- INSTRUCTIONS FOR THE TASK
Skip pictures in the listing below; copy exactly the lines from the one with "क्रिकेट फैंस के" through the one with "Blank inside. Letterpress", inclusive.

- DATASET ENTRIES
____
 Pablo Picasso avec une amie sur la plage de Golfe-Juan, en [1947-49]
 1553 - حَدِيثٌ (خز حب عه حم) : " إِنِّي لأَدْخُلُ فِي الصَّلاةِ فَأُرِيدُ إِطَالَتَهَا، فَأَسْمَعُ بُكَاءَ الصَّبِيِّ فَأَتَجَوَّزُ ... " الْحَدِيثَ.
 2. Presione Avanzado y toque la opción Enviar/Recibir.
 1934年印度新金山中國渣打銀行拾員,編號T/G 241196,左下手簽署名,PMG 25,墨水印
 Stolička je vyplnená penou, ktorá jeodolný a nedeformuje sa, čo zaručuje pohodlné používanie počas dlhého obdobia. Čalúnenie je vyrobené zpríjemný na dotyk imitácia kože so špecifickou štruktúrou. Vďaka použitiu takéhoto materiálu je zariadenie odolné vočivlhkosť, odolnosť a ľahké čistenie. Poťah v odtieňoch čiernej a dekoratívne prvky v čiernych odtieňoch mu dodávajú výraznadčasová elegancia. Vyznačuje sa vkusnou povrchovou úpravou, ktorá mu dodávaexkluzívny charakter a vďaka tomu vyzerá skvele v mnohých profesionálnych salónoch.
____
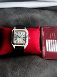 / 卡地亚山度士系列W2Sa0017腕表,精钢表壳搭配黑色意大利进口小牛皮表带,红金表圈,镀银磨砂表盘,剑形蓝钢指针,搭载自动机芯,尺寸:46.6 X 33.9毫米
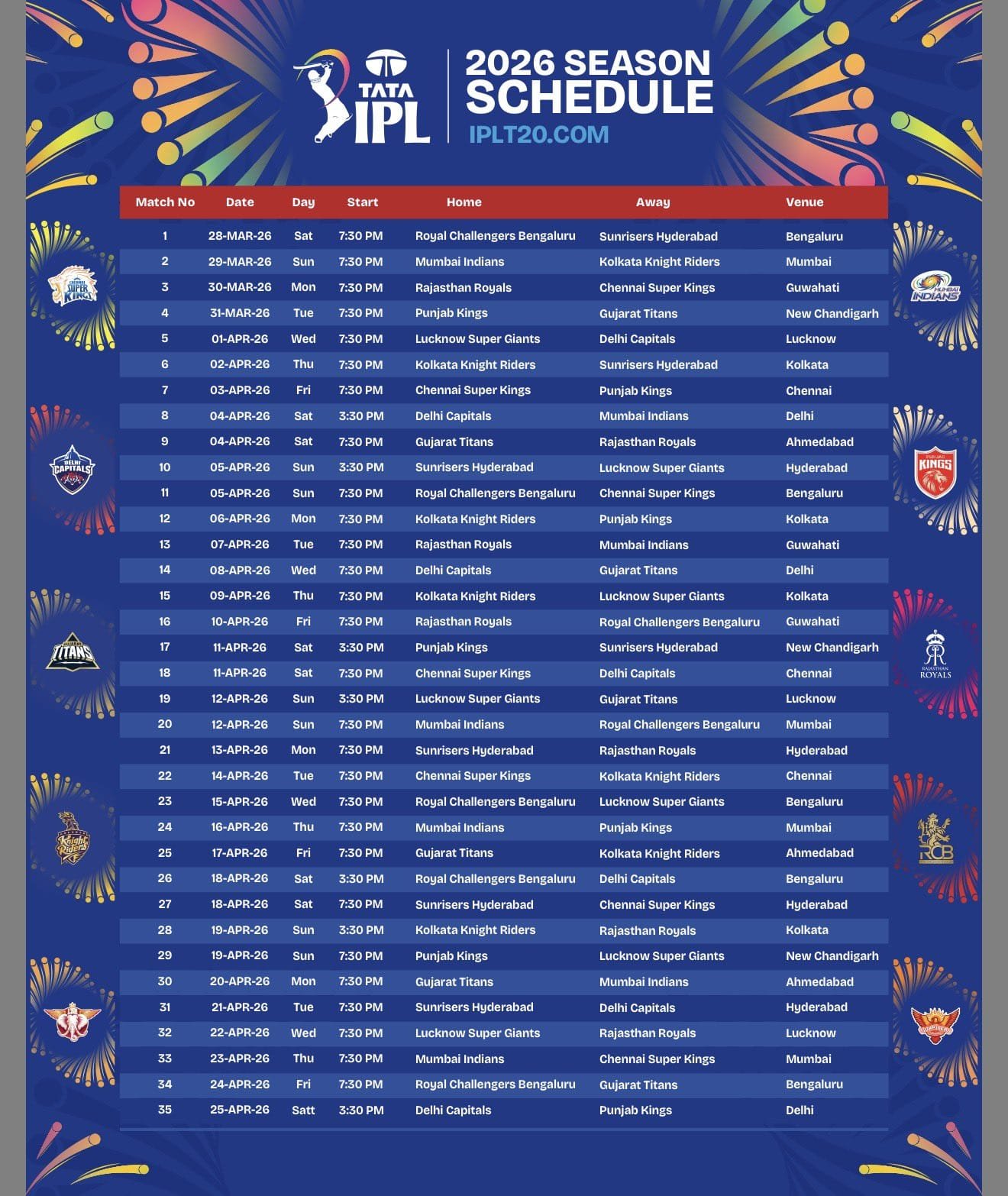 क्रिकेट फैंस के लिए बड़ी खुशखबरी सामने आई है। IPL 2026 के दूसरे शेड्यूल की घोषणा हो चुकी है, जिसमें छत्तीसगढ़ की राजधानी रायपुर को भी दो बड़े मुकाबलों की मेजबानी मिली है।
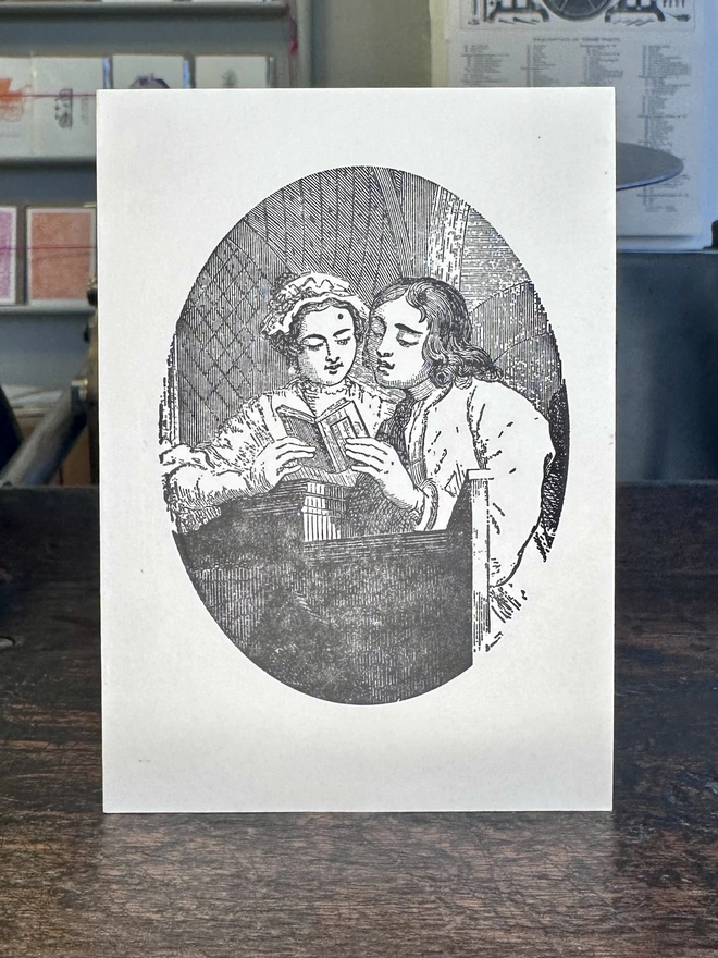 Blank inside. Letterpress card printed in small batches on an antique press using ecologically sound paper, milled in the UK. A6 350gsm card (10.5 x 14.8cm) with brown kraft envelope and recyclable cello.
____
- SOLUTION TO THIS PROBLEM
 क्रिकेट फैंस के लिए बड़ी खुशखबरी सामने आई है। IPL 2026 के दूसरे शेड्यूल की घोषणा हो चुकी है, जिसमें छत्तीसगढ़ की राजधानी रायपुर को भी दो बड़े मुकाबलों की मेजबानी मिली है।
 Blank inside. Letterpress card printed in small batches on an antique press using ecologically sound paper, milled in the UK. A6 350gsm card (10.5 x 14.8cm) with brown kraft envelope and recyclable cello.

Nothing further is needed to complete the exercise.